Да, встретимся, чтобы всё рассказать, пока мы в одном времени, разве это не чудо? Вместе понимать и помалкивать, ведь довески объяснений только утяжеляют, а мы… просто парус, растянутый ветром, и я спляшу, всё ей спляшу.

Возьму кусочек из Четвёртой Малера, когда то самое клейзмерово, не зная, как ступить, пробует каждую дольку продвижения, и начинает вытягивать себя, не отпускает, и почти больно. Но подступает выпрямительное, вдох, вдох высвобождения… Надо узнать, какой там тейп. В богоугодно-благотворительных заведениях должны быть тейпы.


•••

На какой-то звонок, и следующий, и судорожные последующие – телефон пуст. Вымер. Не отключен, не «линия занята», а – «абонент недоступен».
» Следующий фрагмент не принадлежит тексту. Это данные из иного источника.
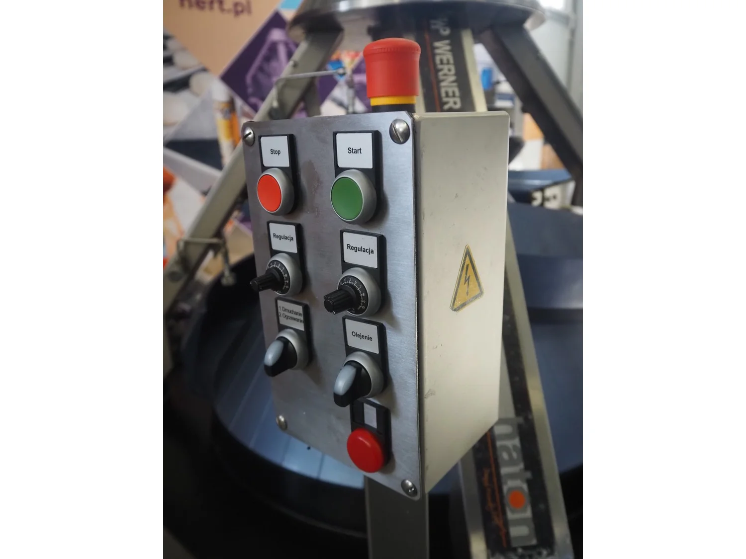 WP Haton BV mobile conical rounding machine, type: Rounder CR 59, machine number: 591526, year of renovation : 2025, 230/400 V, 3 Ph, 50 Hz, plastic belt, belt width: 280 mm, total dimensions: 1450 mm x 1200 mm x 1650 mm.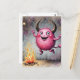Watercolor Cute Pink Monster and a Campfire Vykort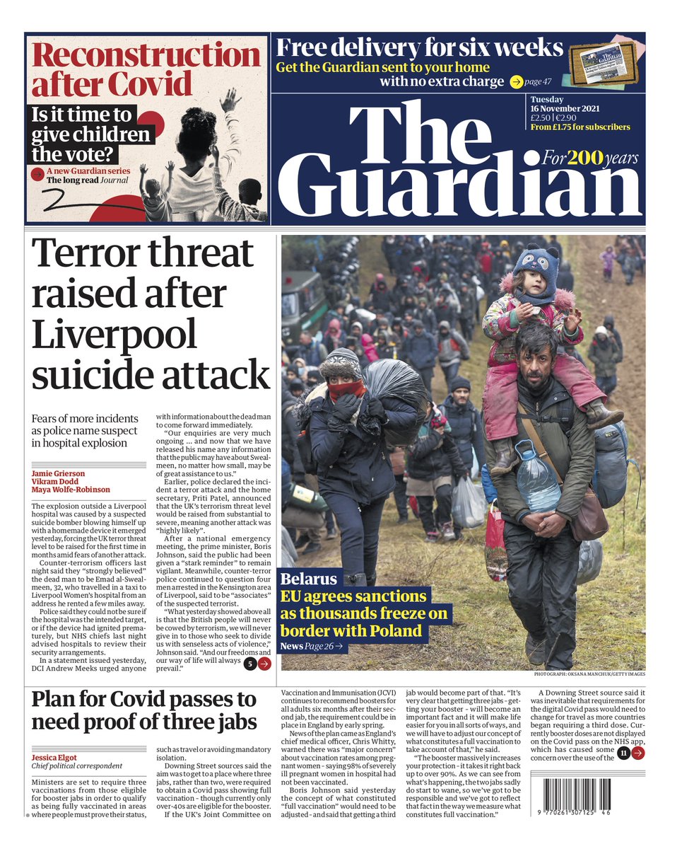 The Daily Mirror also splashes on the suspected terrorist in Liverpool, named as Emad al Swealmeen.

Она недоступна. К ней нет доступа. Как это? Куда ступить? Немота и глухота посреди Испании, ступня зависла в пустотном обрыве. А как же налаженные ритмы обучения, сроки съёма жилья и обратных рейсов? В Испании меня уже понимают, возникают общения… Всё рухнуло. Страх лупцует, нет, лупит наотмашь и всё размашистей.

Эрец Исраэль, конечно, стои́т, никуда не делась, но я обещала, она обещала… наше обещанное… Куда ступить?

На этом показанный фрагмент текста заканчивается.